Wichuraiana Rambler Group. Crimson and Scarlet: Mary Hicks, 'The Beacon', 'Bonfire', and 'Romeo'.
Book  (1941)  Page(s) 55.  
H. R. Darlington. Symposium on the Twelve Best Roses for Growing as Weeping Standards.
....eleven roses which received one vote: ....and Mary Hicks
Book  (1939)  Page(s) 11.  
C. C. Hillary. Hayward's Heath: England's Test Garden.
....Close by, and forming a pleasing foil to the four show beds, was a tall tripod covered with the attractive Rambler Rose named Mary Hicks
Book  (1936)  Page(s) 345.  
Hicks, Mary (multifora) Hicks 1927; dark scarlet-crimson, large, 3/4-full, cluster-flowered, fragrance 5/10, July to September, light green branches and foliage, growth 7/10, climbing.
Book  (1936)  
Dr A. H. Williams. A Symposium on the Best Twelve Wichuraiana Ramblers and the Best Four Wichuraiana Climbers.

p68-5 12th. Mary Hicks Three votes.

p69-2 Dr. A. H. Williams: I have given the casting vote for the 12th place on the Pergola to Mary Hicks. Clearly the choice must lie between her and 'Excelsa', for six of the electors wished to have a late-flowering crimson cluster on their list; but unfortunately the votes were equally divided. This result undoubtedly gives us 12 excellent and eminently desirable Ramblers. But whether one would choose them for one's own garden if limited to 12 is open to doubt. Even after the doubtful inclusion of 'Mary Hicks', it only gives us four seats on the Pergola for representatives of the late-flowering cluster ramblers, whereas the early-flowering members of Group 2, with their more varied colourings, get eight seats.

p75-5 Dr. A. H. Williams. The Wichuraianas. Mary Hicks. A new variety, with fine habit and lasting foliage. Blooms in late Summer in fine trusses of rosy crimson, double, fragrant rosettes. it is, I think superior to 'Excelsa' or 'Troubador' in habit of growth, and in the depth of colour of the blooms. A very fine variety.

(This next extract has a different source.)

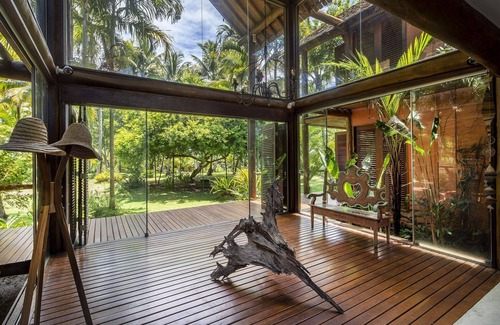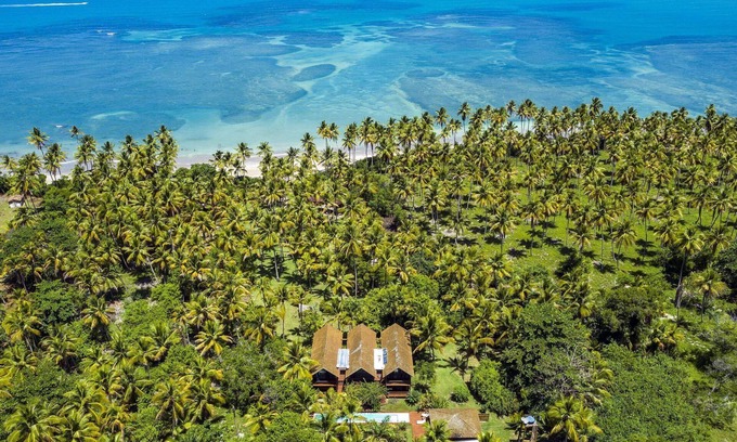 Fantastic beach house made of eucalyptus wood, glass, and waxed concrete. 30 mt of heavenly and quiet beachfront, 20.000m2 of tropical garden in a coconut grove spotted with varying plants and trees, a large kiosk, hammocks, and a large elevated platform with priceless sea view.
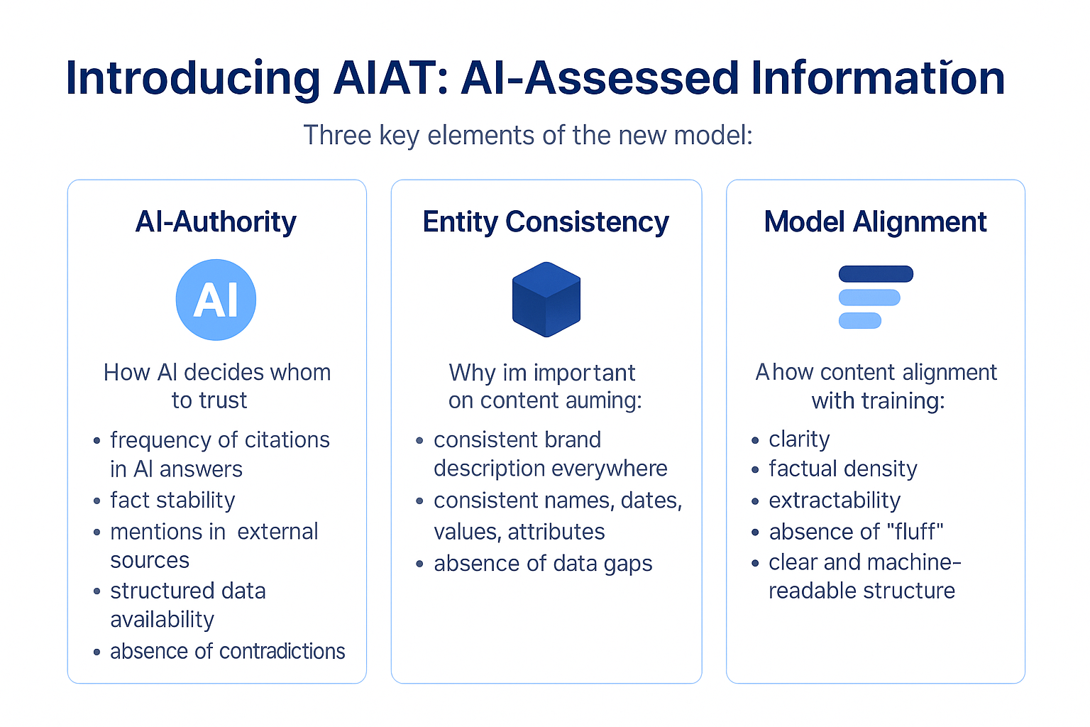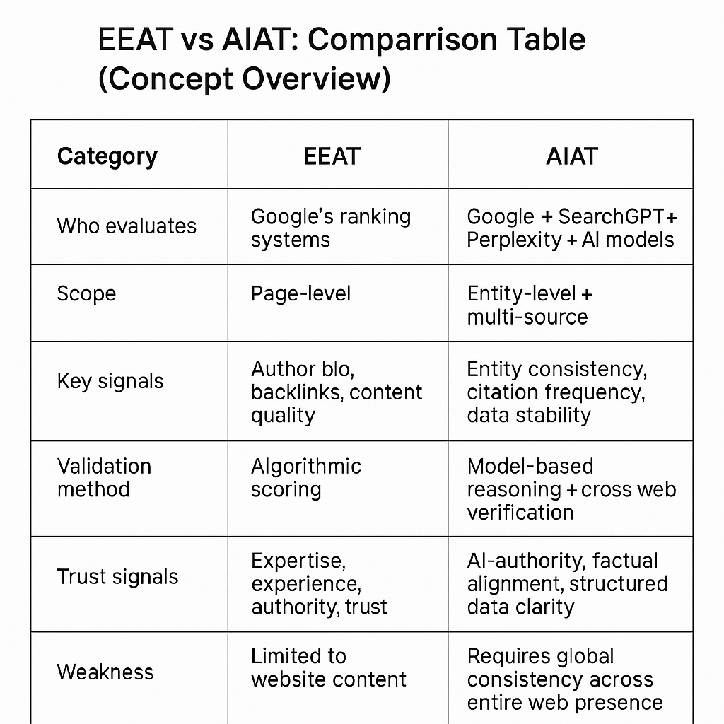 AIAT is the evolution of EEAT — a framework that reflects how AI models (not just Google) evaluate trustworthiness, authority, and factual reliability.

p82-3 F. S. Harvey-Cant, Colchester. Number eleven. Judging by popular demand, Mary Hicks just avoids being bottom of this exclusive poll, and with the First Class Trial Ground Certificate behind her, it is surprising that she is not higher on the list. Certainly she is very lovely at her best, her large trusses of crimson rosettes are deeper and fuller than those of 'Excelsa', but sometimes in unkind weather she loses her freshness, and modern though she is, it cannot be satisfactorily replaced with powder-puff and lipstick. Freedom of blooming is pronounced, but duration of bloom is uncertain. Vigorous and fairly evergreen, she shows little tendency to disease. She appreciates Autumn pruning, and the clearing of the old wood makes room for the prolific supply of young shoots, sent up with unfailing regularity from the base.

p87-2. Walter Easlea, Essex. Mary Hicks is probably the best crimson variety, although 'Bonfire' blooms earlier, and it may displace 'Excelsa' for its flowers are richer in colour, fuller and larger. The value of this type of Rambler is most evident when severe thinning of old wood is carried out. The trusses of blossom are larger, and colour is richer from the young, ripened, one-year-old shoots. Like all the 'Dorothy Perkins' race, it is subject to Mildew, but only when growth is restricted owing to faults in position, or the preparation of the soil. All growths of the previous year should be cut away in the Autumn , and only the new shoots allowed to remain. Foliage retained well into December.